Work item: Where the line containing "Unser Foto (©" appears, begin retyping; continue exactly through the final line of the data. Omit every picture.

Dataset extract:
--- START ---
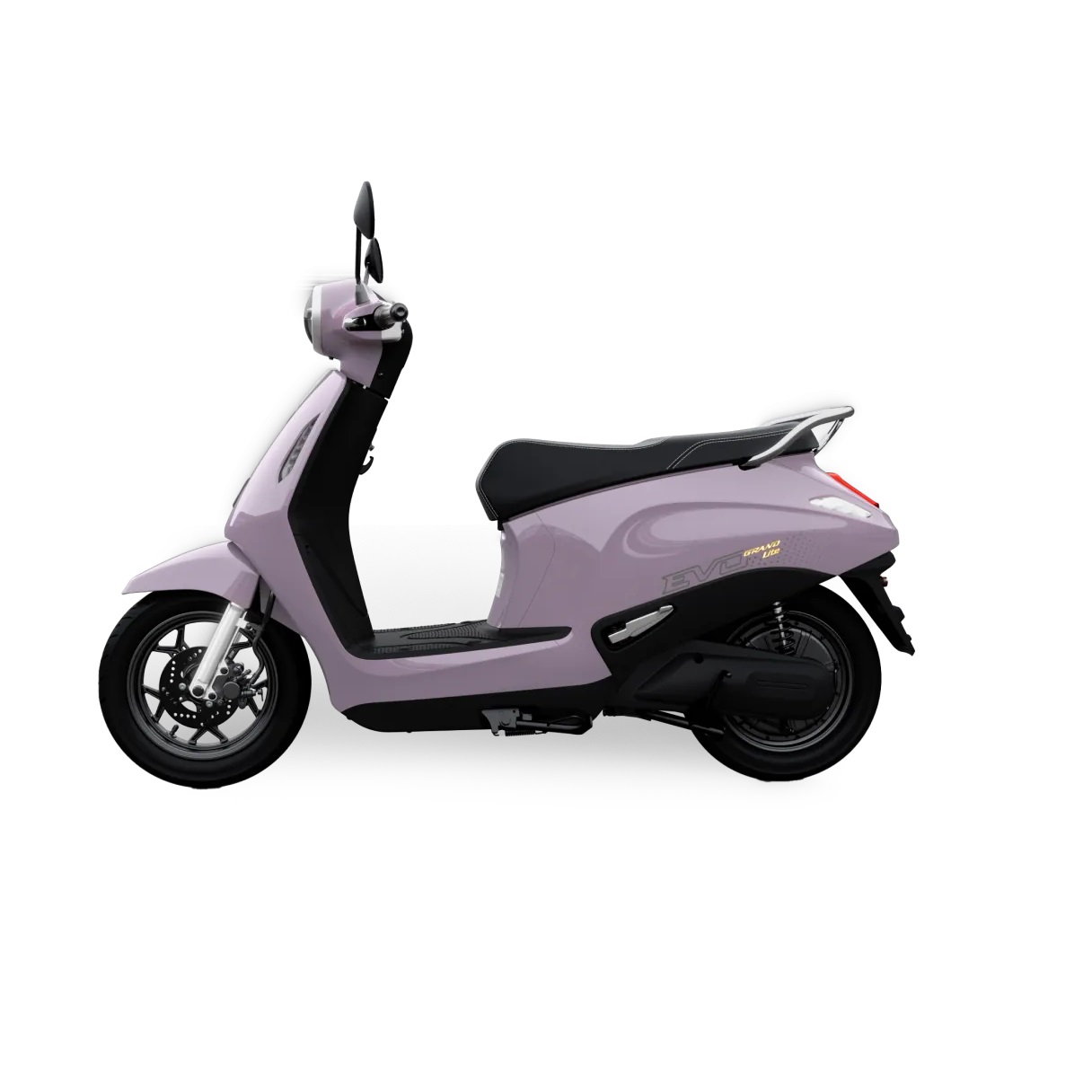 Evo Grand Lite sở hữu phong cách thiết kế bo tròn liền mạch từ thân xe đến đuôi, mang lại vẻ ngoài mềm mại, thanh lịch nhưng vẫn đậm chất hiện đại. Xe có kích thước tổng thể 1.856 x 683 x 1.133 mm và chiều cao yên chỉ 770 mm – rất phù hợp với vóc dáng người Việt, đặc biệt là nữ giới hoặc người có thể trạng nhỏ.
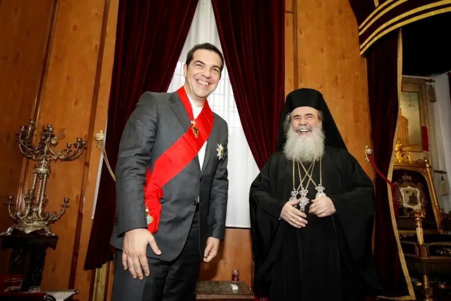 Unser Foto (© Eurokinissi) zeigt Ministerpräsident Alexis Tsipras am Donnerstag während eines Besuches des Griechischen Patriarchats von Jerusalem.
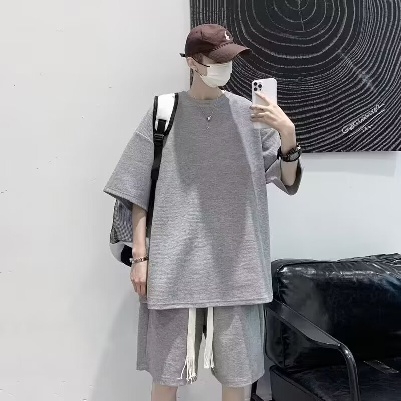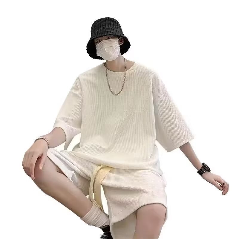 와플 세트 남자 반소매 반바지 세트 여름 느슨한 올매치 플러스 사이즈 뚱뚱한 잘 생긴 캐주얼 스포츠 세트
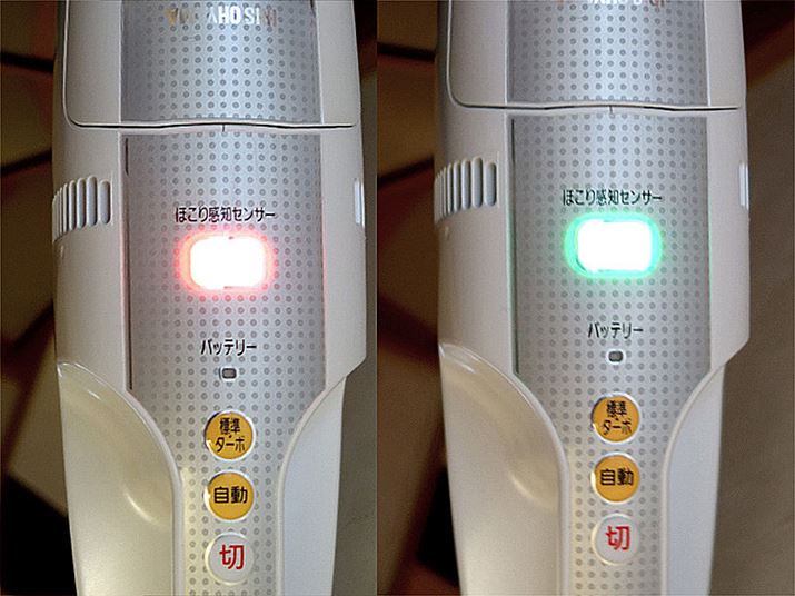本体手元にある「ほこり感知センサー」。ほこりがある場所では赤色、ほこりが除去されると緑に光ります。ほこり量に合わせて吸引力を調整する「自動モード」は、省エネにもなりますね
--- END ---
Task response:
 Unser Foto (© Eurokinissi) zeigt Ministerpräsident Alexis Tsipras am Donnerstag während eines Besuches des Griechischen Patriarchats von Jerusalem.
 와플 세트 남자 반소매 반바지 세트 여름 느슨한 올매치 플러스 사이즈 뚱뚱한 잘 생긴 캐주얼 스포츠 세트
本体手元にある「ほこり感知センサー」。ほこりがある場所では赤色、ほこりが除去されると緑に光ります。ほこり量に合わせて吸引力を調整する「自動モード」は、省エネにもなりますね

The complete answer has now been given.